The boy received three chiropractic adjustments over an 11 day period and the asthma symptoms and enuresis ceased for more than 8 weeks.
The asthma and enuresis recurred following a minor fall from a step ladder but disappeared after adjustments. After a two-year follow-up, the mother reports no recurrence of the asthma or the enuresis.
Enuresis, spasmodic dysmenorrhea and gastric discomfort: a vertebral subluxation complex entity. Regan KJ Dig Chiro Econ Mar/Apr 1990;32(5):110
This is a study of eight patients suffering from bed-wetting, menstrual cramps and ulcer pains/indigestion.
The patients had all been previously examined by MDs, had received pap tests, pelvic exams and upper GI studies and were negative for active pathology. One subject however did have a true peptic ulcer but wished to remain in the study.
The author writes: “A total of eight subjects in each category were selected and two in each category were not treated (to be used as control studies)..No one had any low back, dorsal or cervical spine pain prior to being a patient in this program.
Among those with menstrual problems, all cases of pelvic pain and severe cramping of the uterus had stopped. All women experienced three menstrual cycles through the duration of the study.
All the patients in the gastric category except one responded to chiropractic care; no one was taken off medication or put on special diet.”
Chiropractic management of enuresis: time series descriptive design. Gemmell HA, Jacobson, BH Journal of Manipulative and Physiological Therapeutics 1989; 12:386-389.
This is the case of a 14-year-old male with a long history of continuous bed-wetting. He never had a dry night in his life. The bell and pad method was tried but did not help.
Improvement began after the first adjustment.
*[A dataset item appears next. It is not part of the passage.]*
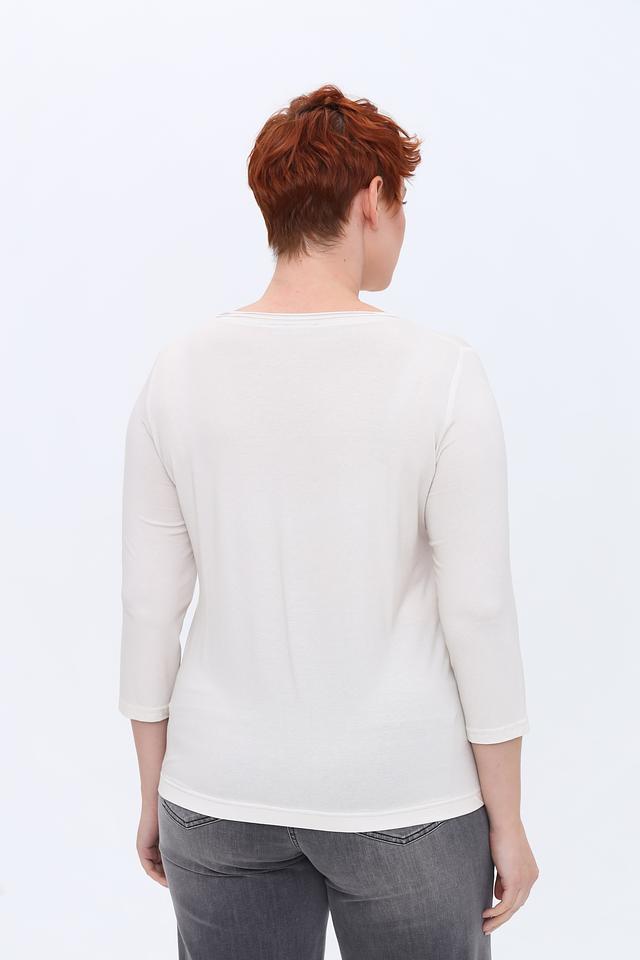 Модель имеет длину рукава 3/4 и круглый вырез горловины. Благодаря своему универсальному дизайну, этот лонгслив легко сочетается с различными предметами одежды, такими как джинсы, юбки или брюки. Состав: 96% вискоза, 4% эластан.

Over the next 21 days, he had 15 nights of dry bed and 6 damp nights, but not wet nights.
He continued to have dry, damp and wet nights. His condition was alleviated (not completely cured) by chiropractic adjustments.
Characteristics of 217 children attending a chiropractic college teaching clinic. Nyiendo J. Olsen E. Journal of Manipulative and Physiological Therapeutics, 1988; 11(2):78084.
The authors found that pediatric patients at Western States Chiropractic College public clinic commonly had complaints of ear-infection, sinus problems, allergy, bedwetting, respiratory problems, and gastro-intestinal problems.
Complete or substantial improvement of their chief complaint had been noted in 61.6% of pediatric patients, while 60.6% received “maximum” level of improvement. Only 56.7% of adult patients received “maximum” level of improvement.
Neurogenic Bladder and spinal bifida occulta: a case report. Borregard PE.J Manipulative Physiol Ther 1987; 10(3):122-3.
Examination found fixation in L3 and both SI joints, following the restoration of SI function the patient’s mother reported the patient was now aware of bladder distention approximately 30 minutes before it was necessary to void. A slight decrease of bladder sensitivity occurred 4 months after the release from treatment and responded immediately to manipulation.